In this blog post, we will be discussing rational numbers and irrational numbers to better understand their properties and how they differ from one another.
Rational Numbers Explained
Rational numbers are defined as any number that can be expressed in the form of a ratio (e.g., P/Q and Q ≠ 0). Examples of rational numbers include integers such as -4, 0, 1, 2, 3, 4 as well as fractions such as 3/4, 5/9, 6/11 etc. Additionally, all terminating decimals like 0.25 and 0.8 can also be expressed as a fraction and are therefore considered rational numbers.
Irrational Numbers Explained
On the other hand, irrational numbers cannot be expressed in the form of a fraction or ratio. This means that these numbers have an infinite decimal expansion without any repeating pattern. Examples of irrational numbers include √2 == 1.41421356237… , π = 3.141592653589… and e = 2.718281828459045…. All square roots of non-square natural numbers (such as √5) are irrational numbers too.

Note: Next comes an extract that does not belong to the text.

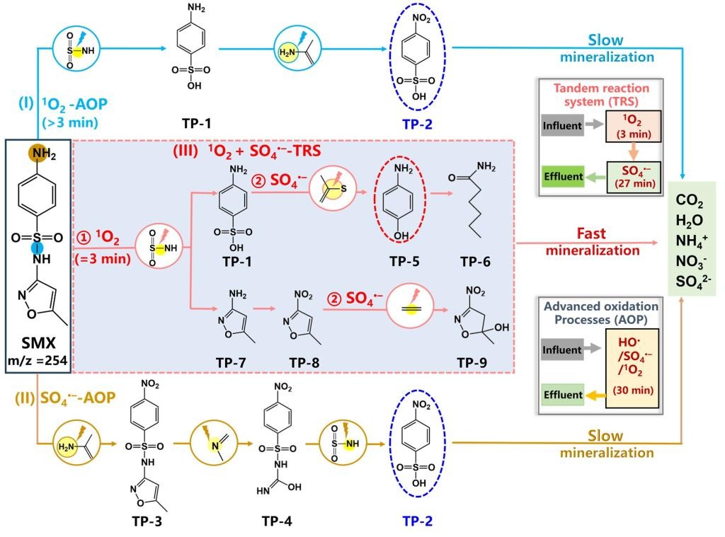 结合理论与实验,探究SMX在1O2+SO4•–-TRS体系的矿化机制:1O2选择性地破坏SMX的磺胺桥(S-N键),生成了对氨基苯磺酸中间体。该中间体极易受到后续SO4•–的攻击,有利于SMX的矿化。TRS体系能够充分利用ROS的反应特性,有效避免难降解中间产物的积累,实现污染物的快速且深度矿化。

Though both rational and irrational numbers fall under the umbrella term “real number”, these two types of real number differ greatly in their properties and representation on a number line. Because rational numbers can be written as fractions whereas irrational cannot – rationals tend to be more ‘regular’ than the irregularity which characterizes irrationals on a number line!
In summary, rational numbers are those that can be expressed in the form of a ratio (e.g., P/Q where Q≠0), whereas irrationals cannot be expressed in this manner due to their infinite decimal expansion without any repeating pattern.